Achieve 1:1 visual parity between Lit web components and PatternFly React components through automated pixel-perfect comparison.

Core Principle: React PatternFly is the source of truth. Our LitElement web components must match React PatternFly pixel-for-pixel.


🚨 STANDARDIZED VISUAL TEST PATTERN

ALWAYS use this exact pattern for all visual parity tests. This is mandatory for consistency across all components.

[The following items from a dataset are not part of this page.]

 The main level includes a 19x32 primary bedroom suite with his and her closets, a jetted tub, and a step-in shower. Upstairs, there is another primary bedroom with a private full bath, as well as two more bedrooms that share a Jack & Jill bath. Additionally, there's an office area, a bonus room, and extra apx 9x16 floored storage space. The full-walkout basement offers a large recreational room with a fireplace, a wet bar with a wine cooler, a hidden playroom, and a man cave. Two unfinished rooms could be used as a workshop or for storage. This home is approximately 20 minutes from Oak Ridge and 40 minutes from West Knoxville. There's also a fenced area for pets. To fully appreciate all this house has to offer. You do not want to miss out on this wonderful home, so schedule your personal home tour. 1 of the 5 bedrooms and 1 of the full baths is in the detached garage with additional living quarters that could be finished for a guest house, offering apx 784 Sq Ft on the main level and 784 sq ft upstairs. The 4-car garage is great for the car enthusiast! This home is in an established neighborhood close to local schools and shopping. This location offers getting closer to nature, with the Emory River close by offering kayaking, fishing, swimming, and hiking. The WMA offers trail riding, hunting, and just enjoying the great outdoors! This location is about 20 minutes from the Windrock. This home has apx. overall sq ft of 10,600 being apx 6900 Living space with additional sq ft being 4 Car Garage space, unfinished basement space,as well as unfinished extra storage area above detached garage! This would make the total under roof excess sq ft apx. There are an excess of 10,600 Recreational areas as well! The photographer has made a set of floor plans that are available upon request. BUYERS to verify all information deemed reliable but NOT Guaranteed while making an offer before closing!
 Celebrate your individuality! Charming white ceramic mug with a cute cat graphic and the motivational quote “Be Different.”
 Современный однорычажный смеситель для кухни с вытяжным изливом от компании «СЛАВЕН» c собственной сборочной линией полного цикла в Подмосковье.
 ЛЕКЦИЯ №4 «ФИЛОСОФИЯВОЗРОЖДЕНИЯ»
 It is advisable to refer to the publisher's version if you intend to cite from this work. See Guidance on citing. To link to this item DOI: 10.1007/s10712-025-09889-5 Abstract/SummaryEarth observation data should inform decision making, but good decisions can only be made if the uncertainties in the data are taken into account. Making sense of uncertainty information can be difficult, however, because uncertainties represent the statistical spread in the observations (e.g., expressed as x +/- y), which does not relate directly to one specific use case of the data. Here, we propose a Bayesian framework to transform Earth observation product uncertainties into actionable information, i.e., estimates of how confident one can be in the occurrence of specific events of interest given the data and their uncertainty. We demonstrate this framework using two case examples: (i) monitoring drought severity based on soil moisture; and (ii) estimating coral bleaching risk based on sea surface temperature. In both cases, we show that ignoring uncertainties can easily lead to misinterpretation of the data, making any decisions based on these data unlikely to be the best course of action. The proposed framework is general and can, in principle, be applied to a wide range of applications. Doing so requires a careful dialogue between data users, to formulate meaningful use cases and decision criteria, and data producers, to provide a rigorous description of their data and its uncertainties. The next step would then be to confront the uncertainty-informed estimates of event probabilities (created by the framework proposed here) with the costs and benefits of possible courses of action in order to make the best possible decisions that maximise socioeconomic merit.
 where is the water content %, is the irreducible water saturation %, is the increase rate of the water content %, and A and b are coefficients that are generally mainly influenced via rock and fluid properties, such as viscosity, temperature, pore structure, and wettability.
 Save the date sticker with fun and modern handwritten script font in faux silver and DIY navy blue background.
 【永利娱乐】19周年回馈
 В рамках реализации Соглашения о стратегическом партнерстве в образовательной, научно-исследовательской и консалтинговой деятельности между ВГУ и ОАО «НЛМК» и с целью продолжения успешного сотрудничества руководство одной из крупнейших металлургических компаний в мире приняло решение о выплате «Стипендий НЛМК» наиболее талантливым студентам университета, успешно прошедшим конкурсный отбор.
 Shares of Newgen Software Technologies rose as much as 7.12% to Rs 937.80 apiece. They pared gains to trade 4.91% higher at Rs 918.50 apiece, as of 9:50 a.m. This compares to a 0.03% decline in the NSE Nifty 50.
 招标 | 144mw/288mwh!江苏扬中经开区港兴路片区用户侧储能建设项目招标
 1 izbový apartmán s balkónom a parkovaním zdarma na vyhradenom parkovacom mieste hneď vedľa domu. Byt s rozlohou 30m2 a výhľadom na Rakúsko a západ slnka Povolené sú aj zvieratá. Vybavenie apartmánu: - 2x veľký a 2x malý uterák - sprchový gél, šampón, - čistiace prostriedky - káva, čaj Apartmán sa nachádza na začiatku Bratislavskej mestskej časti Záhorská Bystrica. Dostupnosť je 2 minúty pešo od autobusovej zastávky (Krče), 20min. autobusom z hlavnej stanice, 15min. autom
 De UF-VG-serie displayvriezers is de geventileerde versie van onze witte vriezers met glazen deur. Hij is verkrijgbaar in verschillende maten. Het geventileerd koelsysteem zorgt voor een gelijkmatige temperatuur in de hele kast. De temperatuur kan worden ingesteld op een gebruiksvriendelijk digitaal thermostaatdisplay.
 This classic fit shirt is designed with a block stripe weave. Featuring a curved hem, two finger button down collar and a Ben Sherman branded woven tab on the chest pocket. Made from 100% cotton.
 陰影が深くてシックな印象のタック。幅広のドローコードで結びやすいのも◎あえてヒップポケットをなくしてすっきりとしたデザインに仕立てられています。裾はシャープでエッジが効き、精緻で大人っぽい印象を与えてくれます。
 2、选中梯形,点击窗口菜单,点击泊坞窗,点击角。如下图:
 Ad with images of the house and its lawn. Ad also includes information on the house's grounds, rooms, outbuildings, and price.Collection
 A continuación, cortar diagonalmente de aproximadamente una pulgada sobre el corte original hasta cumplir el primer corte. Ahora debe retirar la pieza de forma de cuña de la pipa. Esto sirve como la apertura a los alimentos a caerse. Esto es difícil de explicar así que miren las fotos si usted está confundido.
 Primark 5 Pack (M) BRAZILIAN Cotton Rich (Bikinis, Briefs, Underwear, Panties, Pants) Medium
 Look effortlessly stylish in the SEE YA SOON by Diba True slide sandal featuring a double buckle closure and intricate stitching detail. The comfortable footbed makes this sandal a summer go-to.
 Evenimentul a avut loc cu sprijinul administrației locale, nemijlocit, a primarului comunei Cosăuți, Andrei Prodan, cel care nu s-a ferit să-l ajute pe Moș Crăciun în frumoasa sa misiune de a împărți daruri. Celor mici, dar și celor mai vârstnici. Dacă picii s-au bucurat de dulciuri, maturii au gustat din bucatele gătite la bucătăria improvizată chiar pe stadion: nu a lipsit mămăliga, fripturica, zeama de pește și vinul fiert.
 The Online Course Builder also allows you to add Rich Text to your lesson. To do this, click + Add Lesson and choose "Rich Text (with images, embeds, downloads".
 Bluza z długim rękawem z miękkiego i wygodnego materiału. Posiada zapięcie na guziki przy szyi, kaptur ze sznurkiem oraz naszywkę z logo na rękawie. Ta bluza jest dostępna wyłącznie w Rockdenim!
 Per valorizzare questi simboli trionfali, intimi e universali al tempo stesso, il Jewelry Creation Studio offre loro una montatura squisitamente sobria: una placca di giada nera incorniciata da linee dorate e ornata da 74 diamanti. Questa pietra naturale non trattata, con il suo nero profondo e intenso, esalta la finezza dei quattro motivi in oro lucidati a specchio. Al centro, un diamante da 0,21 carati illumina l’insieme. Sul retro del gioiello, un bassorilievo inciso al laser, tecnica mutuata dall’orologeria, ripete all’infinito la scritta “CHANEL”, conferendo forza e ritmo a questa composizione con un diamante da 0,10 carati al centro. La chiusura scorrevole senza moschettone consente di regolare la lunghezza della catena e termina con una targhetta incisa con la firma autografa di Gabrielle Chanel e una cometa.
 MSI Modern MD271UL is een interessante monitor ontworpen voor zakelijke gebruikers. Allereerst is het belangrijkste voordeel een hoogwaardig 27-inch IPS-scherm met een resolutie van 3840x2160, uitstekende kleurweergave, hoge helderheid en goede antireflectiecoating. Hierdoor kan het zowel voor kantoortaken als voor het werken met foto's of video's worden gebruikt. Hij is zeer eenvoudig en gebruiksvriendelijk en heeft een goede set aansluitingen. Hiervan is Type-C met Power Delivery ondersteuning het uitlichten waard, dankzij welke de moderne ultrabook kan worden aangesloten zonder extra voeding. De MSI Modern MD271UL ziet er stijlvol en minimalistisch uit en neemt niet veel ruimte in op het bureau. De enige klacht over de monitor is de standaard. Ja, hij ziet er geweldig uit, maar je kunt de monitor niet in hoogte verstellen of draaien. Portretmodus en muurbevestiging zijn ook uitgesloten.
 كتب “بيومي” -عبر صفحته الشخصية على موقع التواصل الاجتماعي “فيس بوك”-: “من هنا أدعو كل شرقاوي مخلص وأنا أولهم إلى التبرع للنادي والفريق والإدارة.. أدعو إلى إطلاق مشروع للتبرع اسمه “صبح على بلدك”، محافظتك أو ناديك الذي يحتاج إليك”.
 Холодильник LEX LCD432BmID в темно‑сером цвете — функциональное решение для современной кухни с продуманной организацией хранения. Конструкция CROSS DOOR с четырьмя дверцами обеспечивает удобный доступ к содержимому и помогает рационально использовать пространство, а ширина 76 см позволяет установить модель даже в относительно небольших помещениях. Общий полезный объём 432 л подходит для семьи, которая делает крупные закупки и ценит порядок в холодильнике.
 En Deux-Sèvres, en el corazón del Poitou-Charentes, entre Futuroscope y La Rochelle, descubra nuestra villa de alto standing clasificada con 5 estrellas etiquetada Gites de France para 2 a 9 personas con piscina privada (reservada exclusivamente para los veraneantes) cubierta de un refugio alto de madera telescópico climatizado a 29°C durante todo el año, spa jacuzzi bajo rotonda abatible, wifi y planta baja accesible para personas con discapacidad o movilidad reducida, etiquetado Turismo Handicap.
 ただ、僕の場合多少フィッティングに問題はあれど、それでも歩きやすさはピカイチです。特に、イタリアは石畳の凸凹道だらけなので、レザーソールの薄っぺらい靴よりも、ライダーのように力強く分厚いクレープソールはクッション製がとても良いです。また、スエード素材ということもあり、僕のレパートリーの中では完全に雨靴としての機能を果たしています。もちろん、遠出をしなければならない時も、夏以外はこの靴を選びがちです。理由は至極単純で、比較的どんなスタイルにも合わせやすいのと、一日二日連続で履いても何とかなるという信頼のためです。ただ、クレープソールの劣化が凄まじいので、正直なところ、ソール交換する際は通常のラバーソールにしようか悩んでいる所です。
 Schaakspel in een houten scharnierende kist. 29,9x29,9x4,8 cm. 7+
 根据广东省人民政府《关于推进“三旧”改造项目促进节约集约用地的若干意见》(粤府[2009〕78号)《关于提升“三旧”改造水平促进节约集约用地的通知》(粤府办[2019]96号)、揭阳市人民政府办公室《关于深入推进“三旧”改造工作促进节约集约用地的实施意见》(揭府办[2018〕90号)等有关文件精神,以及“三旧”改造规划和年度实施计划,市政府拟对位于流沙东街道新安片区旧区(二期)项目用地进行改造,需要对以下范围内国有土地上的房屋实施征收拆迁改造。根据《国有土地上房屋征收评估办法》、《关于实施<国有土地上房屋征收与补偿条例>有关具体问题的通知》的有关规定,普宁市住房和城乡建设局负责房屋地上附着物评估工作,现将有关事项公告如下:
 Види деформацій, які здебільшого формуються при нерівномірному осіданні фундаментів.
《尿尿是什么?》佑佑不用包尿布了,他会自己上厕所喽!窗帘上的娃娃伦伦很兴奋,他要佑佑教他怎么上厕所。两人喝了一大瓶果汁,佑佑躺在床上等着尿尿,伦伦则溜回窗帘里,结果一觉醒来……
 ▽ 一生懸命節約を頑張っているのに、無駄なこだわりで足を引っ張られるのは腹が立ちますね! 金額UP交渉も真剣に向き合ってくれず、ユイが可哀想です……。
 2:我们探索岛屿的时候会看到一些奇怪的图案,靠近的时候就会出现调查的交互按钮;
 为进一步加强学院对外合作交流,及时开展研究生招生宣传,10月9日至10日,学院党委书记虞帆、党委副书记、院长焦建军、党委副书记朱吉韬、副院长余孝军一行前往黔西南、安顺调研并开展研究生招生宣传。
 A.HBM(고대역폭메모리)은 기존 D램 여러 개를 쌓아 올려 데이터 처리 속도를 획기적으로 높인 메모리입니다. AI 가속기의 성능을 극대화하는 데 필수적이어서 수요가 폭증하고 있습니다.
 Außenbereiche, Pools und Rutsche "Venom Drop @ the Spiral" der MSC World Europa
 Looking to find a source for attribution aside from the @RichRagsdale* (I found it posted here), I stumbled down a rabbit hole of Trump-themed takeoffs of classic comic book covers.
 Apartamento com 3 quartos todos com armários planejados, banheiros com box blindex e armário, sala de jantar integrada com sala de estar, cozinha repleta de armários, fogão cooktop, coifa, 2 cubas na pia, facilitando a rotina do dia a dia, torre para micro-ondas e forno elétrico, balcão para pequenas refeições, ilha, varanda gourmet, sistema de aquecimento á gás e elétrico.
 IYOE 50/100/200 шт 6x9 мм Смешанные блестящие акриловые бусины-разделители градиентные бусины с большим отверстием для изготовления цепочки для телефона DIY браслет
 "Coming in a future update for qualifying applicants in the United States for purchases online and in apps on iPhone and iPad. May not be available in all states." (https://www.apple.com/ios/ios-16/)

import { test, expect, Page } from '@playwright/test';
import pixelmatch from 'pixelmatch';
import { PNG } from 'pngjs';
import { discoverDemos } from '../../../tests/helpers/discover-demos.js';

// Helper to wait for full page load including main thread idle
async function waitForFullLoad(page: Page): Promise<void> {
  await page.waitForLoadState('networkidle');
  await page.evaluate(() => document.fonts.ready);
  
  // Wait for all images to load
  await page.evaluate(() => {
    const images = Array.from(document.images);
    return Promise.all(
      images.map(img => img.complete ? Promise.resolve() : 
        new Promise(resolve => { img.onload = img.onerror = resolve; })
      )
    );
  });
  
  // CRITICAL: Wait for main thread to be idle (with Safari fallback)
  await page.evaluate(() => {
    return new Promise<void>(resolve => {
      if (typeof requestIdleCallback !== 'undefined') {
        requestIdleCallback(() => resolve(), { timeout: 2000 });
      } else {
        // Fallback for Safari/WebKit
        requestAnimationFrame(() => {
          setTimeout(() => resolve(), 0);
        });
      }
    });
  });
}

// NOTE: Replace {component} with actual component name (e.g., pfv6-badge)
// This example shows the standardized pattern all components should follow.

// Dynamically discover all demos from the filesystem
const litDemos = discoverDemos('component-name'); // e.g., discoverDemos('badge')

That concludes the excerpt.